What are Park Seo-joon’s upcoming projects?
His confirmed upcoming project is Born Guilty (2027) for Disney+, in which he has been cast in the role of Paengi. He also made a guest appearance in Bloodhounds Season 2 (2026). His most recently completed project is Surely Tomorrow (2025–2026) on which he starred as Lee Gyeong-do.
What is Concrete Utopia?
Concrete Utopia (2023) is a Korean disaster-thriller film in which Park Seo-joon starred, set in a post-apocalyptic Seoul where the sole surviving apartment building becomes the focal point of human survival and social collapse. The film was critically acclaimed and demonstrated his ability to carry serious dramatic cinema alongside his more commercially prominent work.
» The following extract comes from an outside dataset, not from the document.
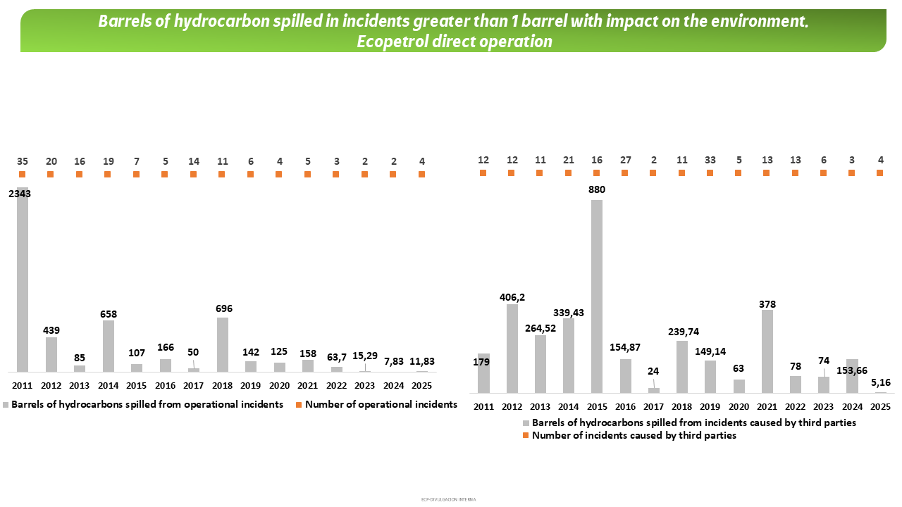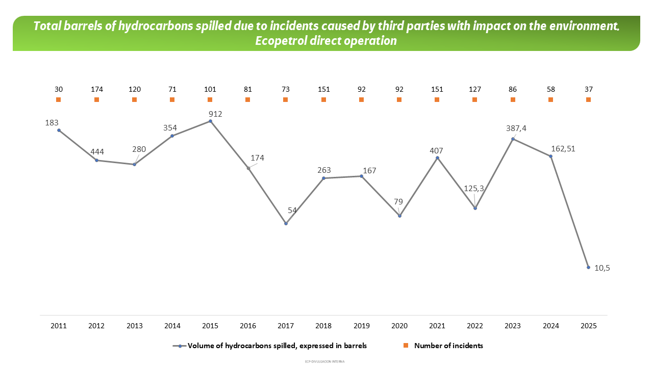 In line with this positive trend, during 2025 a total of 8 incidents involving hydrocarbon spills greater than 1 barrel were recorded in ECOPETROL S.A.’s direct operations, with environmental impact. The total volume spilled was 17 barrels.

What is Park Seo-joon’s height?
He stands 185 centimetres tall — approximately 6 feet 1 inch — making him one of the taller Korean leading actors of his generation and a physical presence that action sequences, period costumes, and romantic comedy blocking all accommodate with complete ease.
What brand does Park Seo-joon represent?
He currently serves as a brand ambassador for NOICE, and has previously been the face of Tommy Hilfiger and Lululemon in the Korean market. His annual endorsement income per brand relationship is estimated at $340,000–$425,000.